Há
poucos dias acadouse
um acordo entre a Femp (organização espanhola que representa os
municípios, uma organização com muitas eivas, mas iso vai ficar
para outro comentário) e o Governo para que estes (entre outros
aspectos menores) emprestem dinheiro ao estado. Realmente parece
curioso, por vários motivos:
Em primeiro lugar, é curioso que os concelhos tenham tanto dinheiro
sem utilizar como para que possam emprestarlho a todo um governo de
um estado tão importante quanto o deste reino.
Em segundo lugar, é curioso que os concelhos sejam tão generosos
para prestar os cartos, especialmente neste momento em que a
administração local esta tam mecessitada de dinheiro para cobrir as
graves emergências geradas pela pandemia.
Terceiro, porque até onde eu sei, esta é a primeira vez que um
presidente da Femp teve que usar seu voto de qualidade para dirimir
uma votação. Os únicos votos a favor foram os do PSOE, enquanto
Podemos, o outro parceiro do governo, se limitou à abstenção. O
resto dos partidos votaram em contra (aliás, vemos que na FEMP vótase
por partidos, o que não deija de ser, também, curioso).
Quarto porque, realmente, os termos do empréstimo também não
parecem deslumbrantes. Um juro baixo, um período de retorno muito
longo (10 anos com 2 períodos de carência, o que dá 12 anos) e
poder gastar livremente (quase) uma pequena parte do total entre este
ano e o próximo (Aqui está obviamente a mãe do cordeiro , porque
os municípios não podiam gastar o seu dinheiro, tinham de o ter nos
bancos, gerando liquidez (aos bancos) e pagando (também aos bancos)
para os ter ali. Coisas da lei Montoro e da generosidade dos bancos e
que explica a primeira curiosidade e mesmo a segunda)
Mas é claro, como diz o artigo que compartilho (Carlos Gribau,
concelheiro de Ciempozuelos, em Sin Permiso) “Por trás do
complicado debate sobre números, déficits, regras de gastos e
empréstimos, estão realmente escondidos problemas democráticos
muito profundos, associados ao papel de uma instituição política
chave para qualquer democracia, como são os concelhos”.
Como mesmo reconheceu uma figura não sospeitosa de democrata
convicto como Manuel Fraga, na sua proposta de Administração
Única (1), o concelho, como administração mais próxima dos
cidadãos, é quem teria de resolver todos e quaisquer problemas que
pudesse resolver. Mas esse princípio democrático básico deve
parecer perigoso a alguém, talvez porque alguns concelhos possam ser
administrados por pessoas suspeitas de não serem muito "racionais"
(lease neoliberais). Pensemos em um BNG em Pontevedra, em algumas
marés não faz muito tempo na Coruña ou Compostela, em um Cádiz,
em uma Barcelona ... para que seguir.
Aproveitando assim que havia uma crise, decidiu-se reduzir ao mínimo
a autonomia municipal, em um caminho que iniciou Zapatero (o chamado
segundo Zapatero, o do nefasto artigo 135 da constituição
reformada, essa tão irreformável até um pouco antes, e também a
partir de então, daquele momento extraordinário) e seguido por
várias leis do tandem Rajoy Montoro e culminada na Lei Orgânica
2/2012 de Estabilidade Orçamentaria e Sustentabilidade Financeira e
sua regra de gasto e a degradação dos “habilitados nacionais”

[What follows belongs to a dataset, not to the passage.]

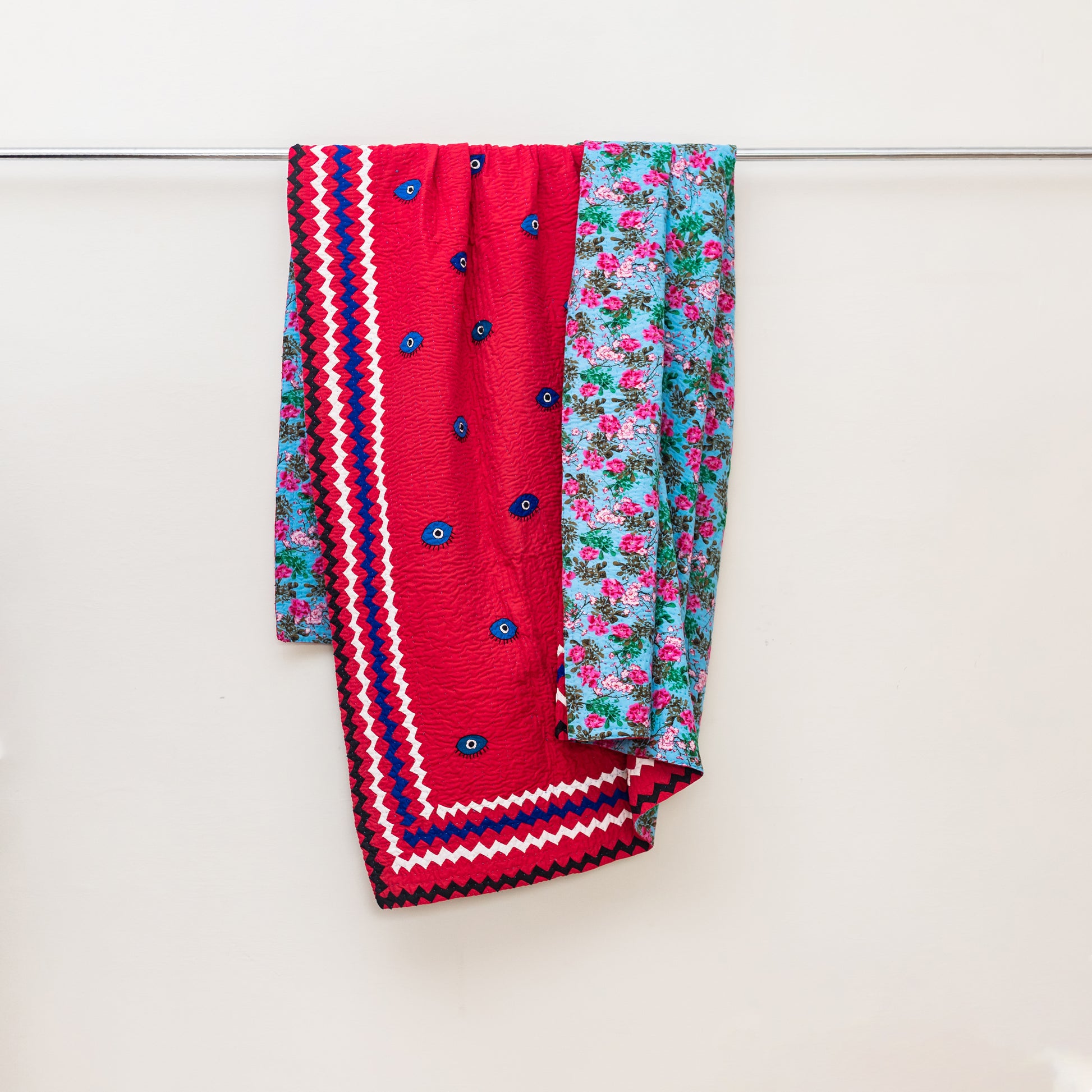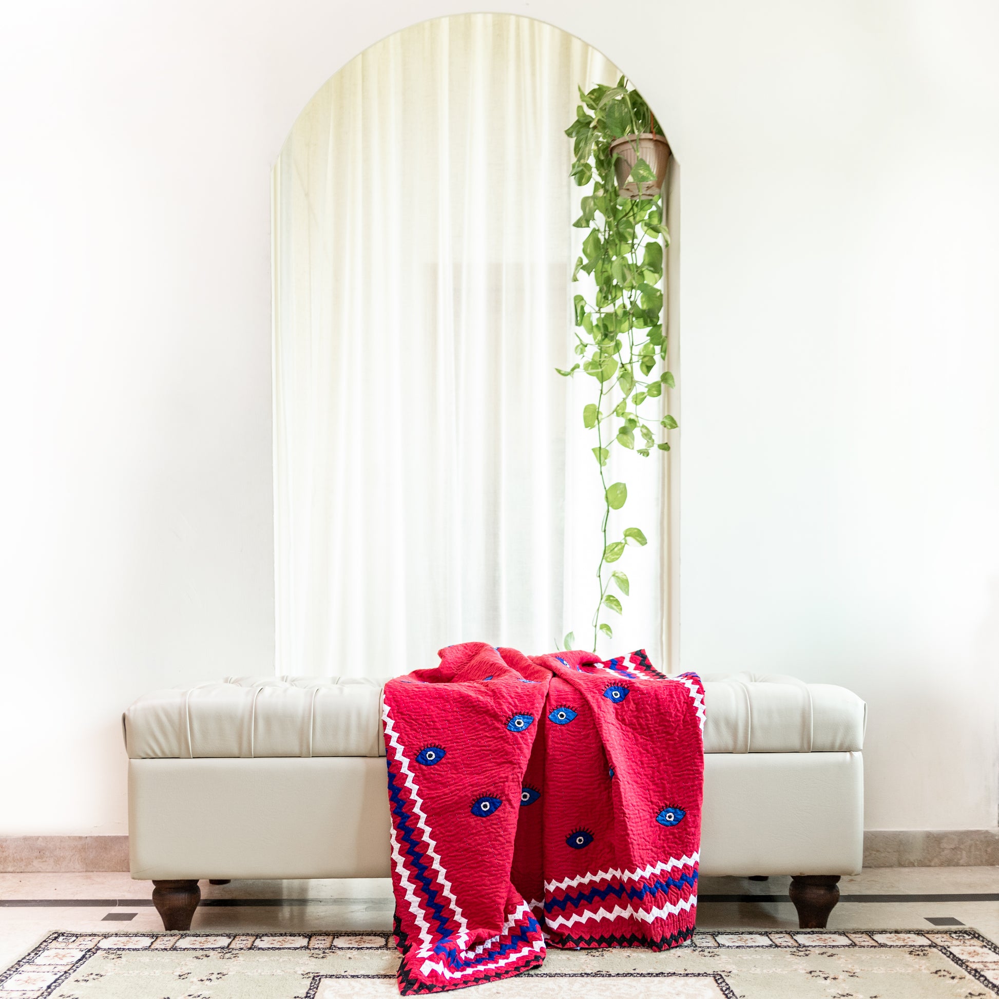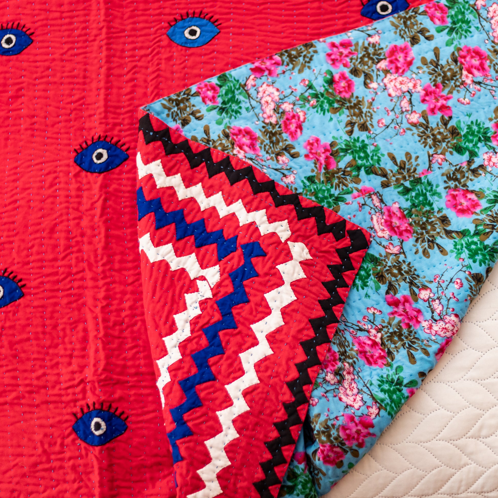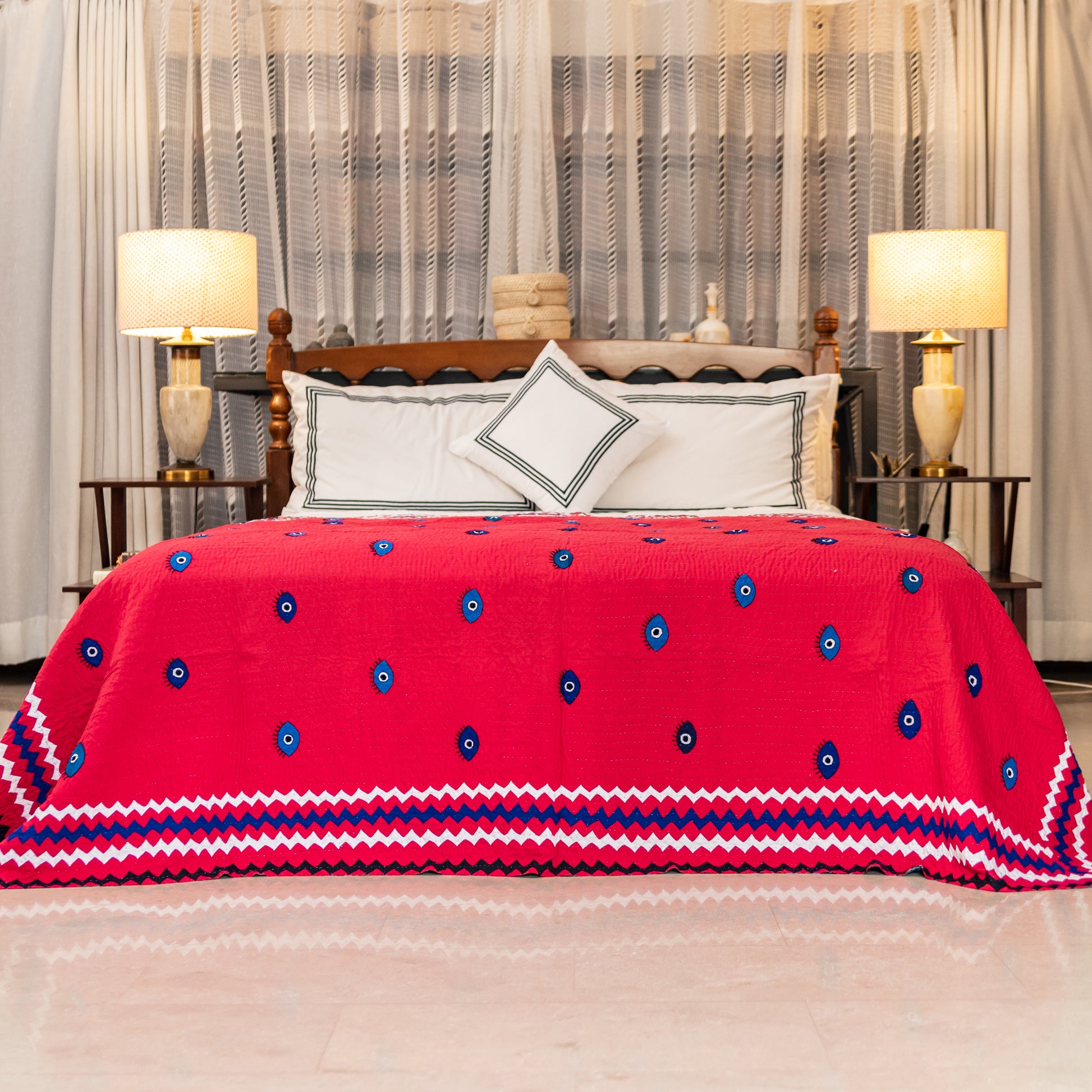A striking red rilli adorned with bold evil eye motifs in blue, bordered with a vibrant chevron design in red, white, and navy. The reverse side features a delicate printed pattern, making it versatile for everyday use.

(secretários, interventores e tesoureiros) de altos funcionários do
concelho em vulgares "pára-quedistas" do ministério,
especialistas pouco mais do que em fazer "reparos de
legalidade".
Um caminho que levaria á administração mais próxima dos cidadãos,
a quem correspodería resolver o maior número de problemas possível,
a Simples Unidades Administrativas.
Este Decreto-Lei do Empréstimo não vaI no caminho de alcançar uma
administração municipal democrática e eficiente, eficaz e
efectiva, mas sim de mantê-la como uma paripé pseudo-democrático.
E já de traca, o cinismo do PP e da direita tentando conduzir a
oposição ao "empréstimo”.
https://www.sinpermiso.info/textos/municipios-y-hacienda-la-caja-de-los-truenos
(1) Ver, por exemplo, este artigo de 1992 de Manuel Fraga. No mesmo
disse: “O processo de racionalização também deve abrir um
processo de transferência cara á administração local, de
competências de titularidade autonómica, quando a sua prestação
por estas entidades dê lugar a um serviço público mais eficaz pela
sua proximidade a cidadão.”
A propósito, se o artigo fosse publicado por alguém hoje,
arriscaria-me a dizer que seria revisado detalhadamente por algum, ou
mais de um, juiz da Audiencia Nacional ou do Tribunal Supremo.